Gradient materials have significant potential to break strong plastic tradeoffs. Graphene with a strong affinity for titanium alloys has an influential application value for material modification. In this study, microstructure evolution and deformation behavior of graphene-based TiC/Ti6Al4V composites processed by friction stir processing (FSP) have been investigated. Electron backscattered diffraction (EBSD) reveals uniform microstructure in the stir zone (SZ). Transmission electron microscopy (TEM) observations reveal distinct microstructures at different depths from the processed surface. The SZ includes nano/micro grains and TiC nanoplates. Twin structure exists in both α matrix and TiC. Stress-induced martensitic transformation is suppressed. As depth increases, TiC gradually disappears and the FSP-induced texture {-2116} < 2–1–11 > becomes slightly stronger. Moreover, there exists special crystallographic orientation relation: (1 1 1)TiC//(0001)Ti. In the base metal (BM), larger grains are observed, and dislocation structure becomes the dominant defect feature. Nanoindentation results show that hardness decreases first and then increases from the processed surface to the bulk metal. The distribution of hardness is the result of combined action of strengthening effect of TiC twins and deformation adaptation effect of α twins.

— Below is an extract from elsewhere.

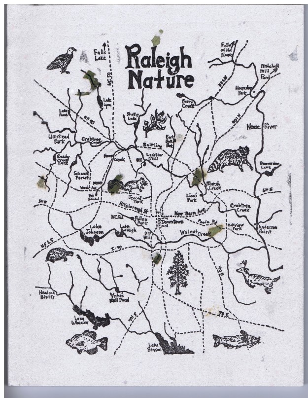 I am so proud to share that the book I have been working on for over a decade, for which I started this blog, is in print at last. Published by my own press The Paper Plant, it is an 80 page book with 16 chapters and 30 illustrations that captures the best of what i have learned and seen concerning Raleigh NC’s wonderful greenway system, parks, and other natural areas. This blog has been crucial in developing the book, and several features relate directly to the blog, especially the fantastic comments on Lassiter Mill and it’s history posted on the blog. Thanks to all my Raleigh Nature readers and I hope you obtain and enjoy the book.

梯度材料具有打破塑料权衡的巨大潜力。石墨烯对钛合金具有很强的亲和力，在材料改性方面具有重要的应用价值。在这项研究中，研究了通过搅拌摩擦加工 (FSP) 加工的石墨烯基 TiC/Ti6Al4V 复合材料的微观结构演变和变形行为。电子背散射衍射 (EBSD) 揭示了搅拌区 (SZ) 中的均匀微观结构。透射电子显微镜 (TEM) 观察揭示了距加工表面不同深度的不同微观结构。SZ 包括纳米/微米晶粒和 TiC 纳米板。α基体和TiC均存在孪晶结构。应力诱发的马氏体相变被抑制。随着深度的增加，TiC 逐渐消失，FSP 引起的织构 {-2116} < 2-1-11 > 变得稍微强一些。此外，还存在特殊的晶体取向关系：（1 1  1)TiC//(0001)Ti。在基底金属 (BM) 中，观察到较大的晶粒，位错结构成为主要的缺陷特征。纳米压痕结果表明，从加工表面到大块金属，硬度先降低后升高。硬度分布是TiC孪晶的强化作用和α孪晶的变形适应作用共同作用的结果。